In patients who fail therapy, susceptibility testing should be done if possible. If resistance to clarithromycin is demonstrated, a non-clarithromycin-containing therapy is recommended (for information on development of resistance see Microbiology section). The eradication of H. pylori has been demonstrated to reduce the risk of duodenal ulcer recurrence.

Pharyngitis/Tonsillitis due to Streptococcus pyogenes.

Community-Acquired Pneumonia due to Mycoplasma pneumoniae, Streptococcus pneumoniae, or Chlamydophila pneumoniae (TWAR)

Acute maxillary sinusitis due to Haemophilus influenzae, Moraxella catarrhalis, or Streptococcus pneumoniae

Acute otitis media due to Haemophilus influenzae, Moraxella catarrhalis, or Streptococcus pneumoniae

NOTE: For information on otitis media, see CLINICAL STUDIES, Otitis Media.

Uncomplicated skin and skin structure infections due to Staphylococcus aureus, or Streptococcus pyogenes (Abscesses usually require surgical drainage.)

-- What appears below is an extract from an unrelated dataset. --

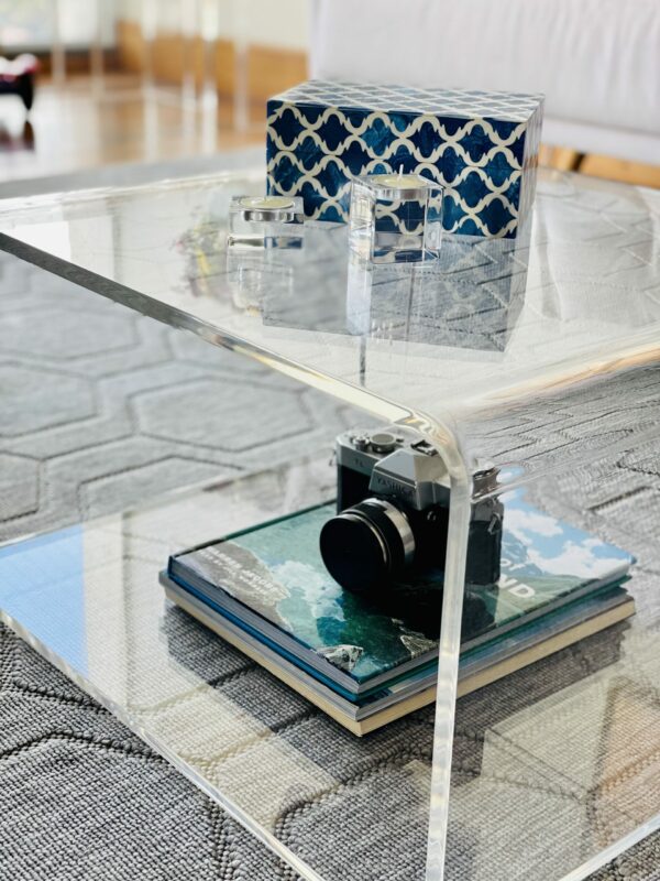 Mesa de centro de acrílico cristal maciço dobrada, com cantos arredondados.

Disseminated mycobacterial infections due to Mycobacterium avium, or Mycobacterium intracellulare

Clarithromycin tablets USP are indicated for the prevention of disseminated Mycobacterium avium complex (MAC) disease in patients with advanced HIV infection.

To reduce the development of drug-resistant bacteria and maintain the effectiveness of clarithromycin and other antibacterial drugs, clarithromycin should be used only to treat or prevent infections that are proven or strongly suspected to be caused by susceptible bacteria. When culture and susceptibility information are available, they should be considered in selecting or modifying antibacterial therapy. In the absence of such data, local epidemiology and susceptibility patterns may contribute to the empiric selection of therapy.